Solo estaba demasiado cansada para moverse mucho.
Al escuchar las palabras del otro lado de la línea, Darlene abrió los ojos de repente, ansiosamente se apoyó en el respaldo de su asiento y se sentó en pánico.
La voz de Avery era fría.
—¿Qué está pasando?
¿No llamaron esta mañana para decir que todo estaba bien?
La enfermera se alteró al otro lado de la línea y dijo con pánico:
—Cuando llevamos a Reina a urgencias, ella seguía murmurando sobre la muerte de su preciado nieto.
—Quizás, Reina escuchó repentinamente alguna mala noticia, y lo que más temen los pacientes es la irritación.
Avery empujó la puerta y salió del coche.
Darlene, que estaba detrás de él, ya tenía prisa por salir del coche.
Darlene lo esquivó y corrió directamente hacia el edificio de hospitalizados.
Darlene estaba tan cansada que se tambaleaba mientras corría, sosteniéndose contra la pared fuera del ascensor.

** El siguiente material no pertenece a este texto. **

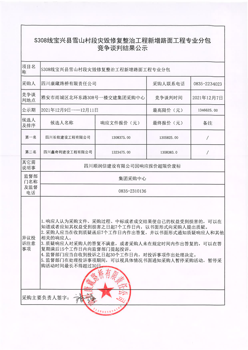 四川康藏路橋有限責(zé)任公司S308線(xiàn)寶興縣雪山村段災(zāi)毀修復(fù)整治工程新增路面工程專(zhuān)業(yè)分包競(jìng)爭(zhēng)談判結(jié)果公示

El cabello de Darlene estaba despeinado y su vestido, que al examinarlo más de cerca se veía un poco arrugado.
Esto atrajo la atención de otros.
Un hombre miró y luego miró por segunda vez.
La apariencia de una mujer hermosa con tal aspecto estaba destinada a atraer la atención de la gente, y había un toque de ambigüedad en las miradas.

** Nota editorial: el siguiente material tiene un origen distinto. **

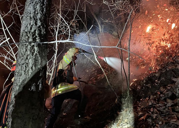 ANGGOTA bomba berusaha memadamkan kebakaran hutan selepas sebuah jet pejuang Tentera Udara Korea Selatan terhempas ke kawasan gunung di Yeongju, Wilayah Gyeongsang Utara, hari ini. Foto AGENSI.

El hombre cercano estaba hipnotizado cuando sonó una voz desde atrás:
—¿Te gusta lo que ves?
¿Quieres mirar más de cerca?
Avery se acercó a Darlene y la envolvió con un abrigo.
La sostuvo en sus brazos, bloqueando las miradas de los hombres que la observaban.
El hombre miró a Avery.
Cuando el hombre vio un par de ojos fríos, inmediatamente se dio la vuelta y se marchó apresuradamente.
El hombre incluso se olvidó de entrar al ascensor y subir.
Darlene no reaccionó.
No sintió lo que Avery dijo o hizo, ni notó las miradas de esos hombres.
Darlene solo miraba fijamente el número fuera del ascensor, esperando que el ascensor bajara.
Darlene pensó: «¿Cómo podría Reina saber que Nigel estaba muerto?
Alguien debe habérselo dicho en secreto, al igual que alguien había provocado a Nigel en el pasado y causó que Nigel tuviera un accidente automovilístico».
Darlene apretó sus puños con fuerza hasta que la puerta del ascensor se abrió.
Una mujer con mascarilla y gafas de sol pasó frente a Darlene cara a cara.
La mujer rápidamente bajó la cabeza y se apresuró a salir.
Incluso chocó accidentalmente con alguien.
Darlene recordó esa mirada y dijo inconscientemente:
—Esa persona se ve familiar.
Avery inmediatamente miró a Colin que los seguía.
—Ve afuera y sigue a la mujer de las gafas de sol, mira si la reconoces.